* **EXERCISE DESCRIPTION**: Everything from the line containing "- 9 Bonus Points" through the last line of the listing below should be returned exactly, except for pictures.

* **SUPPLIED INFORMATION**:
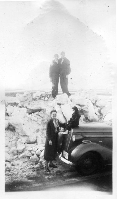 Here are some pictures of Verna with a car and a huge snowdrift. The first picture has Verna with a small boy, which is likely my dad, Gordon, placing the picture around 1942-3. Not sure if this was Wisconsin or the U.P.
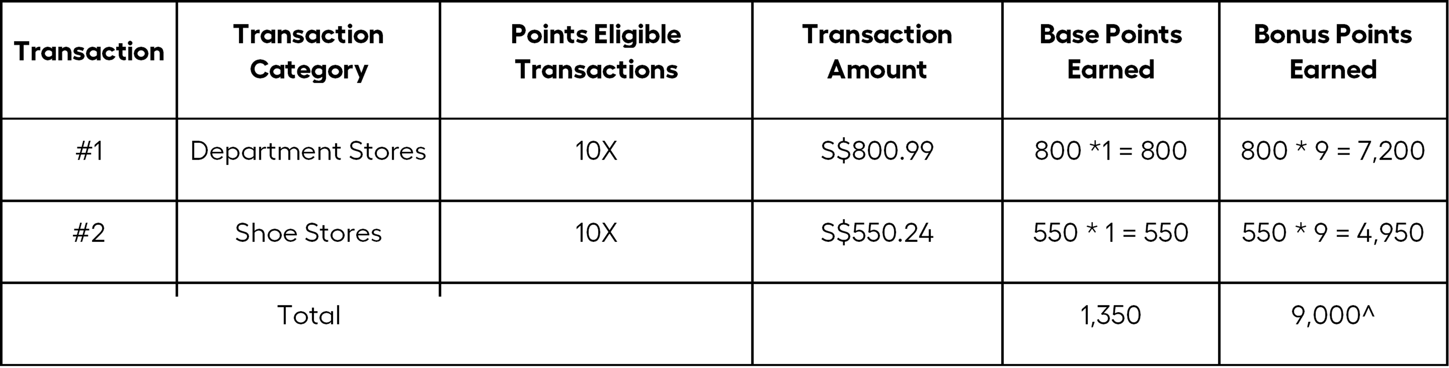 - 9 Bonus Points for every S$1 of a 10X Points Eligible Transaction
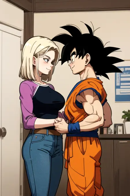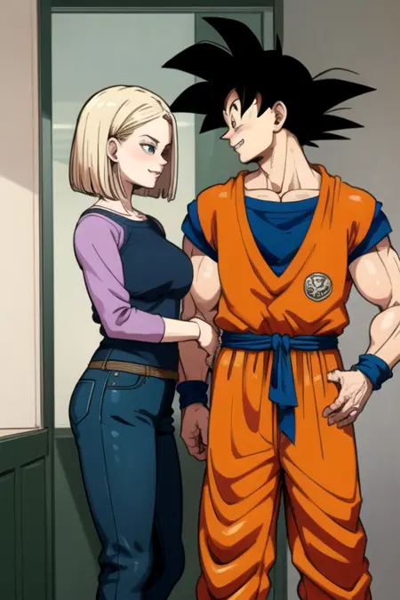 Goku18, hetero, 1boy, 1girl, standing, smile, cowboy shot,

* **ANSWER SPACE**:
 - 9 Bonus Points for every S$1 of a 10X Points Eligible Transaction
 Goku18, hetero, 1boy, 1girl, standing, smile, cowboy shot,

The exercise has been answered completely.